Releasing the €3.24bn aid, IMF managing director Christine Lagarde noted that the bailout scheme was moving in the right direction. But she urged Athens to take up more measures to strengthen the economy.

"Major fiscal weaknesses exposed and aggravated by the debt and employment crisis have not been sufficiently addressed as the country enters its fifth straight year of recession. Double-digit deficits and large increases in borrowing have continued even while multinational financing packages have been approved to keep the government solvent. Unemployment, particularly among young people, continues to rise, and adjustments in market conditions have been stifled or delayed by public unions and other special interests," adds the Economic Index Freedom report.

[Fig 1] World Economic Freedom Index 2013 (Graph: Heritage Foundation website]

US and UK lag Behind

The US lost ground for the fifth consecutive year by ranking 10th, following declines in monetary, business, labour and fiscal freedom.

The US also recorded its lowest Index score since 2000 as "dynamic entrepreneurial growth is stifled by ever-more-bloated government and a trend toward cronyism that erodes the rule of law," says the report.

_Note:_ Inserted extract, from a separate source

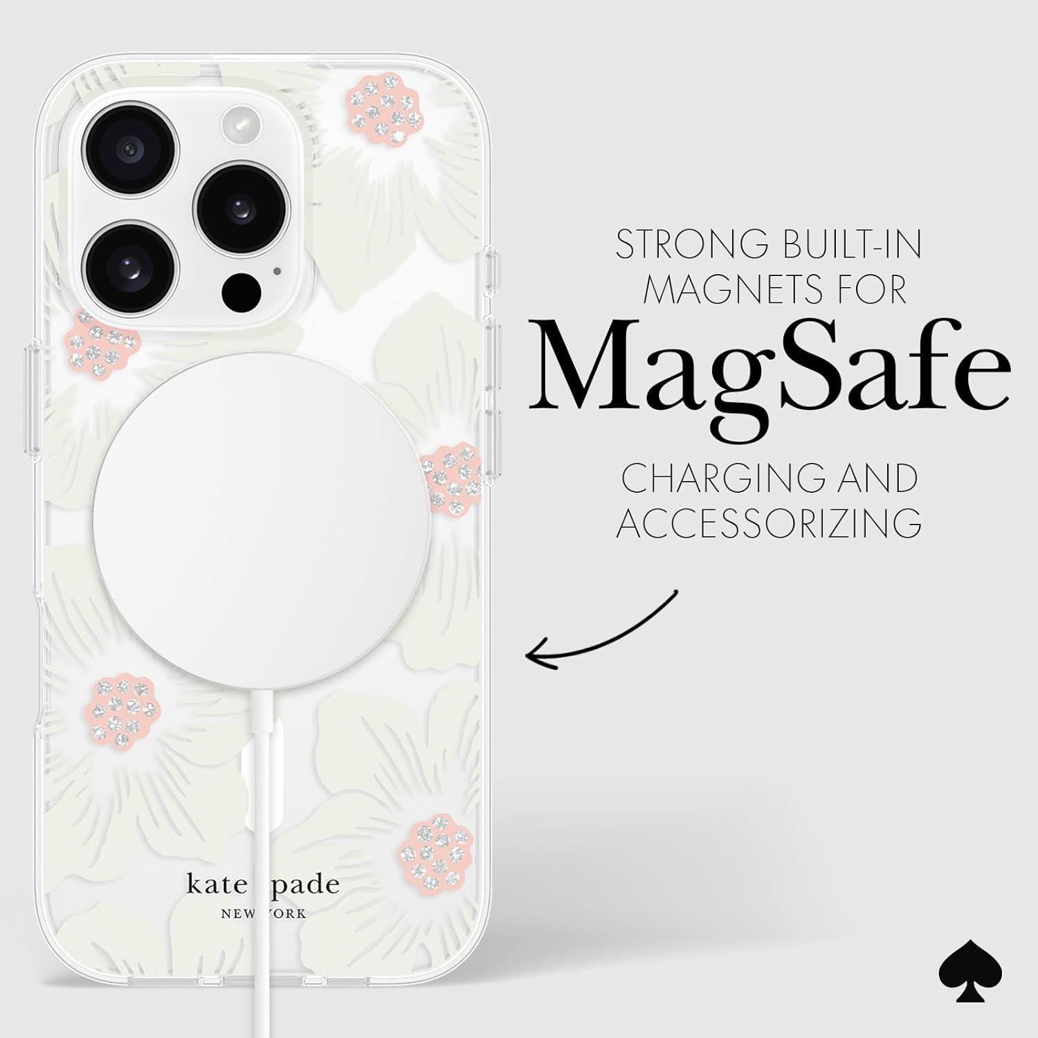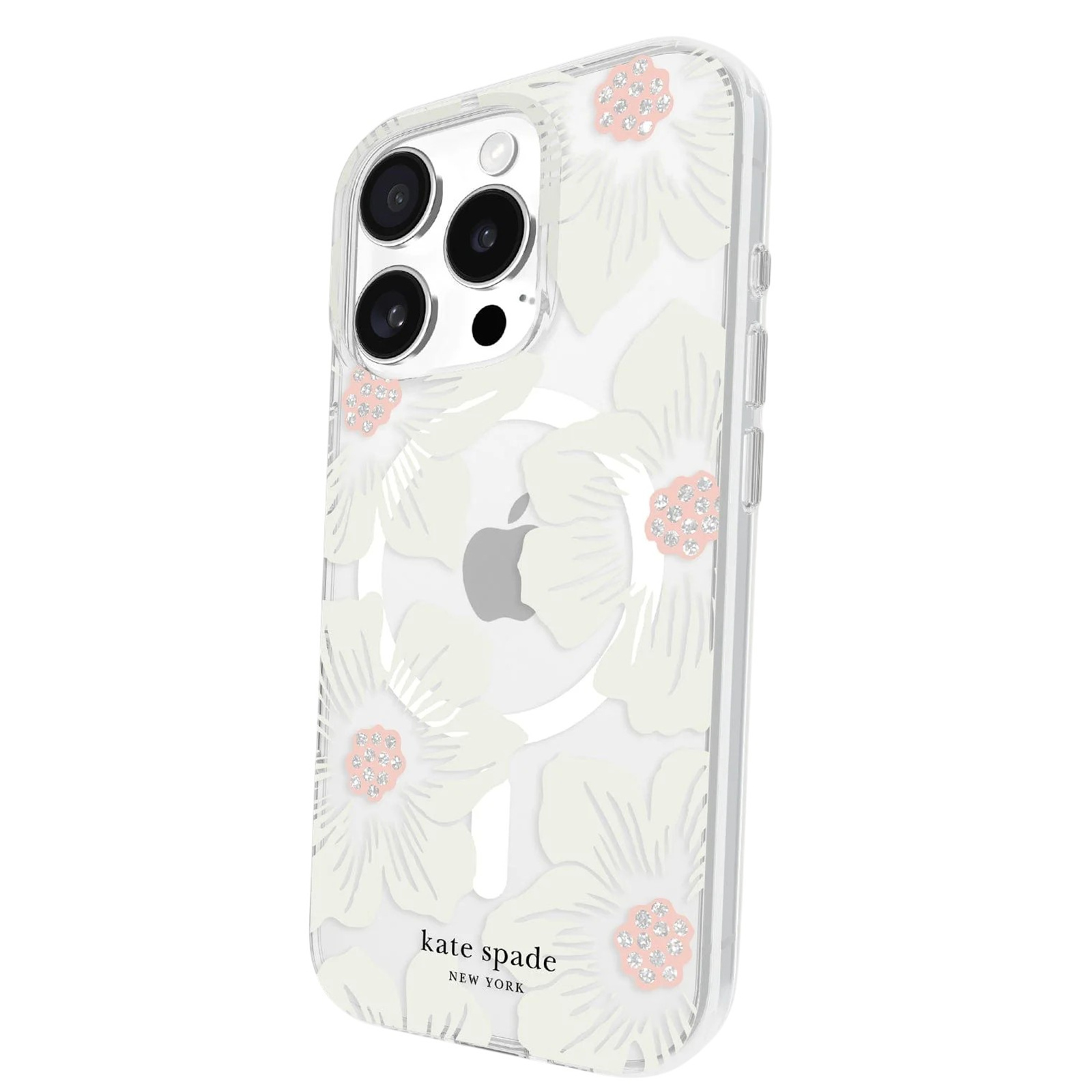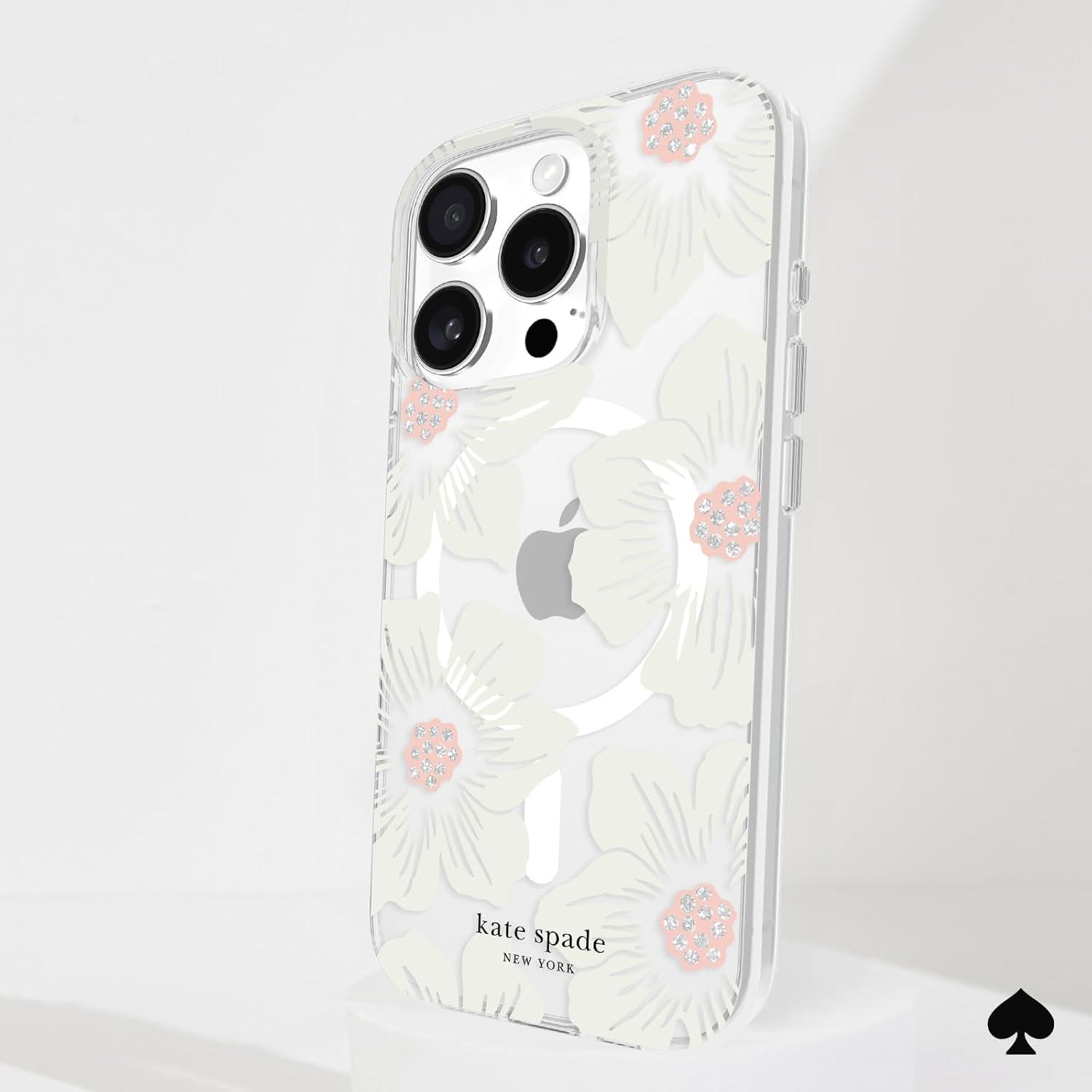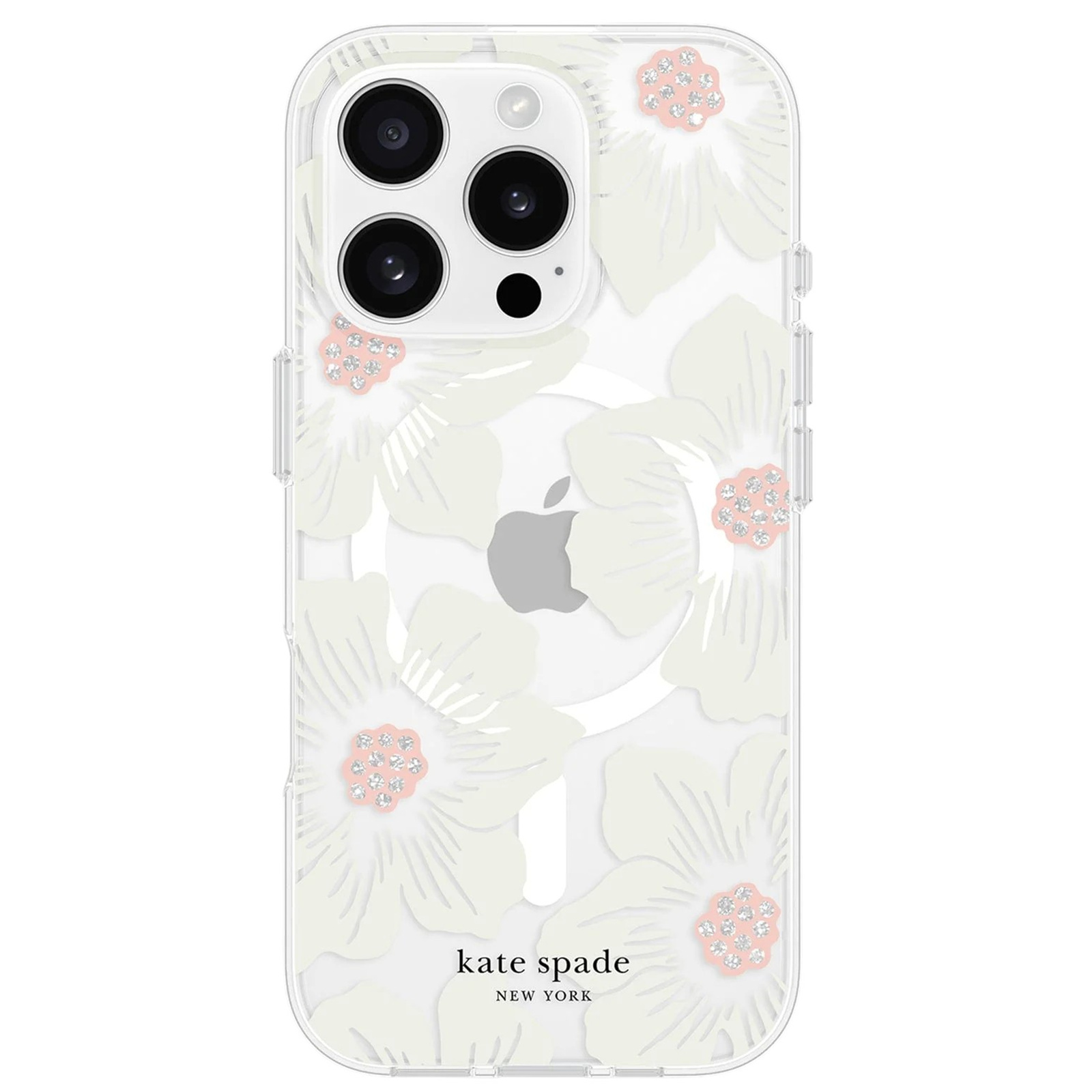 Elevate your iPhone 16 Pro with this chic Kate Spade New York case; Dazzling with shimmering silver details, this iPhone 16 Pro case for women offers easy access to all buttons and ports; Enjoy seamless usability with this stylish, lightweight, and protective phone case.

"More than three years after the end of recession in June 2009, the U.S. continues to suffer from policy choices that have led to the slowest recovery in 70 years. Businesses remain in a holding pattern, and unemployment is close to 8 percent. Prospects for greater fiscal freedom are uncertain due to the scheduled expiration of previous cuts in income and payroll taxes and the imposition of new taxes associated with the 2010 health care law," it adds.

However, the UK did gain ground in the index by 0.7 points, ranking it 14th overall, reflecting efforts to improve control of government spending.

"With a legal system that enforces contracts and property rights effectively, the UK has long benefited from openness to global trade and investment. Reforms undertaken in recent years include measures to curb the growth of government spending and a series of corporate tax rate cuts that will continue until 2014. Ending the steady erosion of economic freedom during the past five years, Britain's overall score took an upturn in the 2013 Index," says the report.

Singapore skyline (Photo: Reuters)

Asia-Pacific Leads the Way

Asia-Pacific countries dominated the index for 2013, with Hong Kong, Singapore , Australia and News Zealand ranking first to fourth respectively.

For the 19th consecutive year, Hong Kong has topped the index, following its "highly competitive regulatory regime, coupled with an efficient and transparent legal framework, sustains vibrant engagement in global trade and investment."

The report says that "there is little tolerance for corruption. Economic interactions with China have become more intense and sophisticated, and trade and financial linkages with the mainland have grown significantly. Hong Kong continues to demonstrate a high degree of economic resilience and remains one of the world's most competitive financial and business centers."

Resilience to the global credit crisis since 2007 has also enabled Singapore, the triple-A rated powerhouse at the heart of Asia, to come in second place.

The report says that "prudent macroeconomic policy within a stable political and legal environment has been the key to Singapore's continuing success in maintaining one of the world's highest levels of economic freedom. Well-secured property rights promote entrepreneurship and productivity growth. A strong tradition of minimum tolerance for corruption is institutionalized in an efficient judicial framework, strongly sustaining the rule of law."

"Singapore's openness to global trade and investment has facilitated the emergence of a more competitive financial sector and continues to provide real stimulus and ensure economic dynamism," it adds.